> Exercise: Only the lines from the one containing "Figura 3. Diseño" through the end of the data below are to be repeated, exactly as given, without pictures.

::: The data

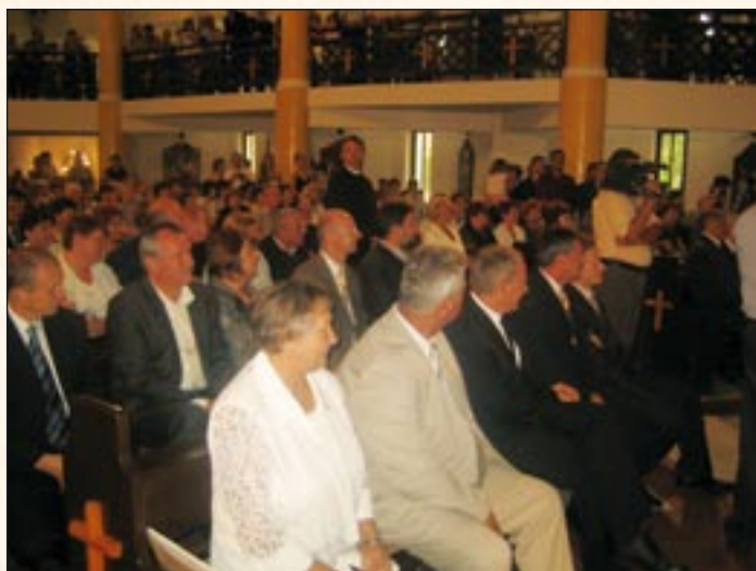
Az országos tanévnyitót mindig nagy érdeklődés kíséri

Egyetlen dolgot kell erősen akarnunk: hinni önmagunkban, akkor a világ is hisz bennünk. Ha szenvedéllyel, elhivatottsággal, erős akarral dolgozunk, az jókedvet ad, derűt és harmóniát szül, bizalmat és reményt ébreszt mindenkiben. Így lesz a tudásnak értéke, az embernek tisztelete.
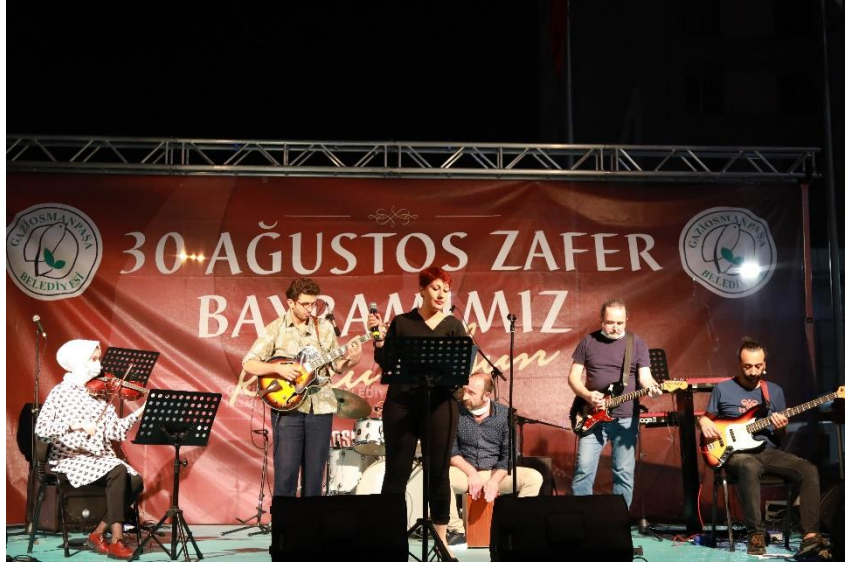
Fotoğraf 26: Gaziosmanpaşa Sanat Akademisi Öğretmenler Orkestrası 30 Ağustos Zafer Bayramı Konseri
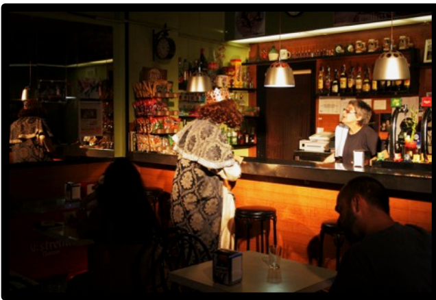
Exemple de bar “amb encant”

La duració de l’escena en aquest lloc és de 10 minuts.
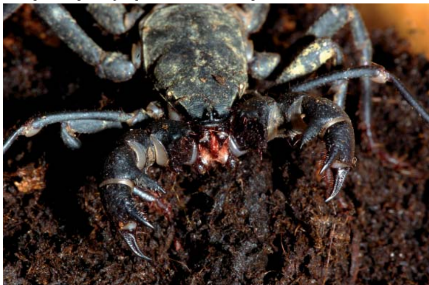
Typopeltis sp. vu de face, en captivité (Muséum de Wiesbaden, Allemagne)

première paire de pattes – dépourvue de griffes à l'extrémité – est modifiée en pattes antenniformes beaucoup plus longues que les autres, qui servent au repérage des proies ou à « tester » la nourriture ou l'eau, grâce aux nombreux poils sensoriels qui les recouvrent. Les 3 paires de pattes suivantes sont locomotrices. À l'arrière du corps, l'opisthosome est composé de 12 segments. Les deux premiers hébergent deux paires de poumons à lamelles et les trois derniers, très raccourcis, formant le pygidium, sont le lieu d'insertion de l'appendice caudal. Ce long flagelle, souvent agité de droite à gauche, renseigne l'animal sur les changements de
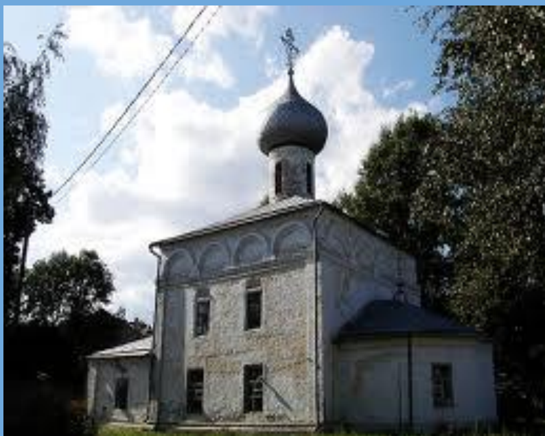
церковь Ильи в Каменье
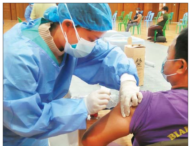
ချင်းပြည်နယ် ဖလမ်းမြို့နယ်။ ကိုရီရန်း(လောင်မြေ)
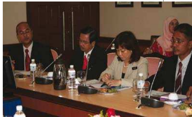
Rombongan Kementerian Perdagangan Dalam Negeri, Koperasi dan Kepenggunaan (KPDNKK) ▲

Setelah berakhirnya sesi taklimat khas, Y.B. Menteri kemudiannya turut dibawa melawat sekitar kawasan di MKM yang menempatkan kemudahan-kemudahan seperti perpustakaan, bilik kuliah dan pasar mini.
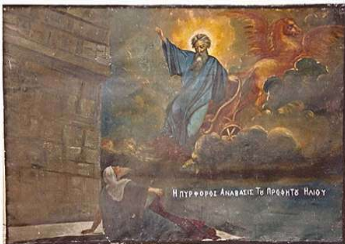
Ἱερά Εἰκὼν τῶν Προφητῶν Ἡλιοῦ καὶ Ἐλισσαίου εἰς τὸν Ἱ. Ναὸν Προφήτου Ἡλιοῦ Βροντάδου.
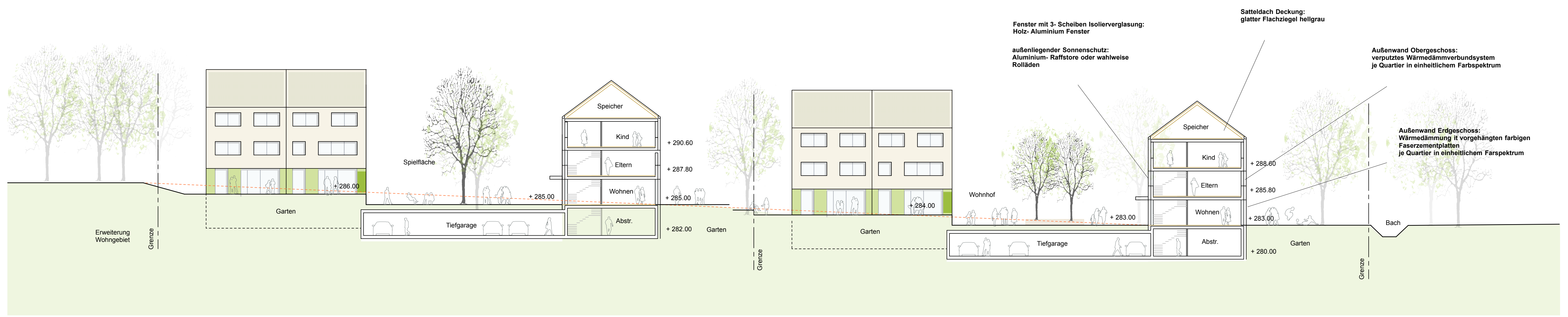
Ansicht Süden Schnitt A-A M 1:200 mit Angaben der Materialität der Bauteile

Überarbeitung Stand 10.07.17 - Variante 2- dreigeschossig + Satteldach
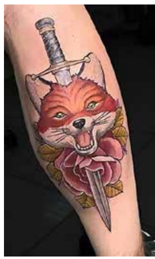
Рис. 8. «Лисиця». Майстер А. Цвигун
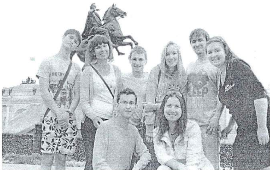
15–25 августа 2013 г. Поездка лучшей группы – 413 ПИ в г. Санкт-Петербург
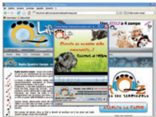
(fig.6) Come si presenta il sito Qzlife.

Basta collegarsi al sito http://www.qzlife.it/community/radioquattrozampe.php
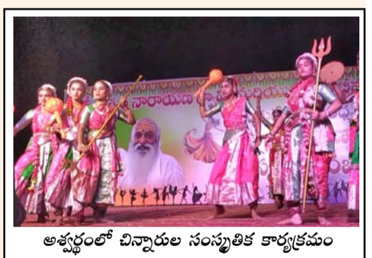
అశ్వరంలో చిన్నాడల సాంస్కృతిక కార్యక్రమం
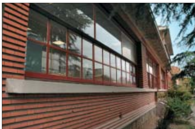
Jean Jaurès : élévation sud, détail.
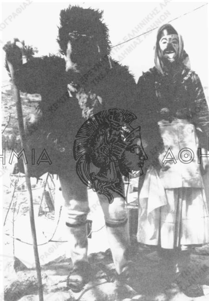
Εικ. 2. «Γέρος» και «Κορέλα» της Σκύρου (φωτ. Γ.Ν. Αικατ., 1978).
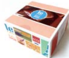
4-oz gift box 約113.4g

CT : 8pcs PKG Size : W10.2×D10.2×H5.1cm 賞味期限 : 6ヶ月
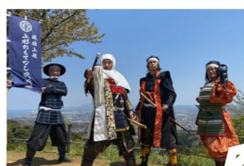
上越市から（武将隊）
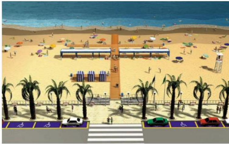
Figura 3. Diseño de una playa accesible con elementos y espacios para personas con discapacidad.
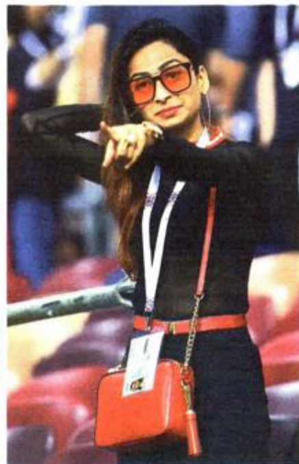
I ja navijam za Hrvatsku!

::::::

> Solution:
Figura 3. Diseño de una playa accesible con elementos y espacios para personas con discapacidad.
I ja navijam za Hrvatsku!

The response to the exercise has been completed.